Provided material

*** Begin section ***

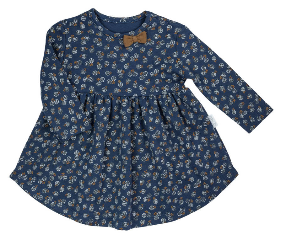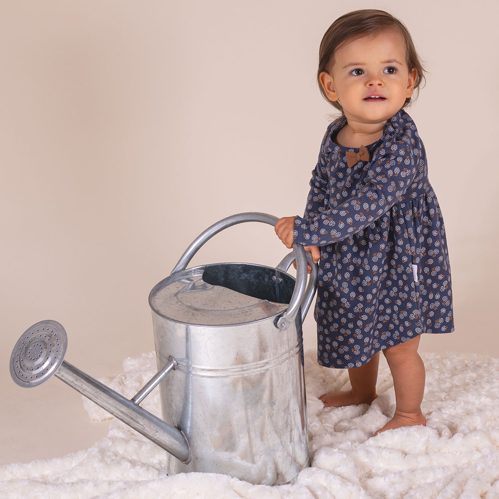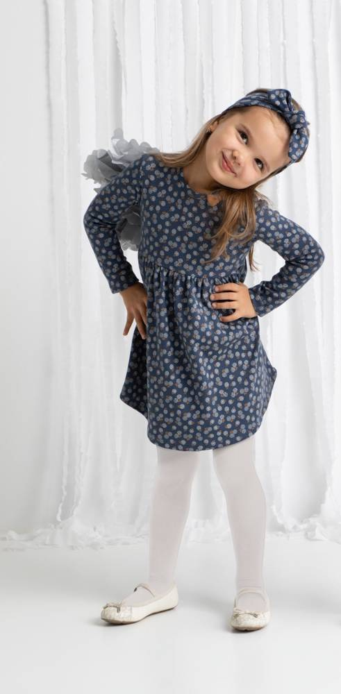 Modna sukienka wykonana z granatowej bawełny z kwiecistymi dodatkami. Dziewczęcego oraz zwiewnego charakteru temu produktowi dodaje gumka, która została wszyta w pasie. Materiał jest całkowicie bezpieczny dla skóry dziecka.
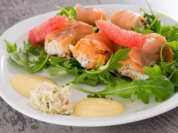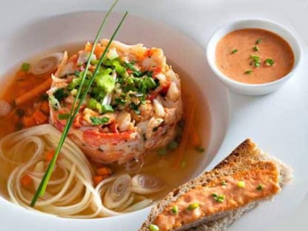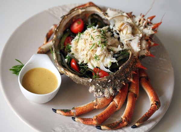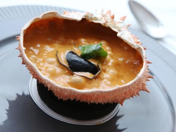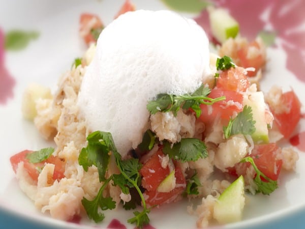 Salade d’araignée de mer fraîche et écume crémée de coco au gingembre
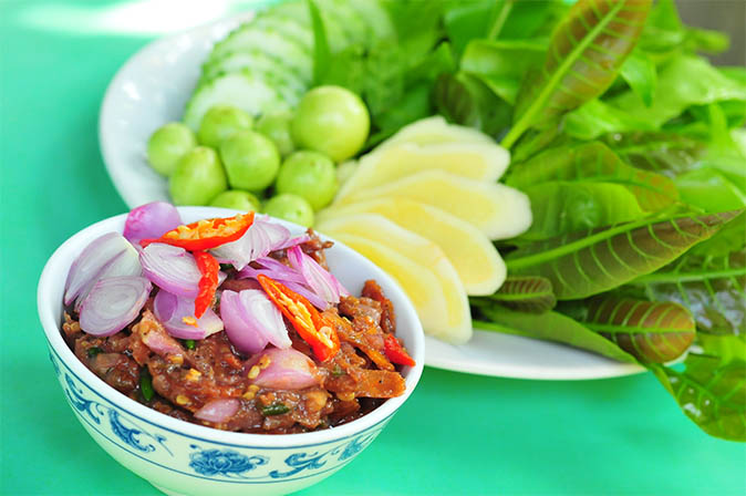 Nam prik goong sieb (grilled shrimp chili dip), a Phuket specialty that goes well with sataw. Photo: Phuket City

*** End section ***

What is expected
Beginning at the line that contains "Salade d’araignée de", retype each line of the data above through the very last one. Do not retype the pictures.

Worked solution
 Salade d’araignée de mer fraîche et écume crémée de coco au gingembre
 Nam prik goong sieb (grilled shrimp chili dip), a Phuket specialty that goes well with sataw. Photo: Phuket City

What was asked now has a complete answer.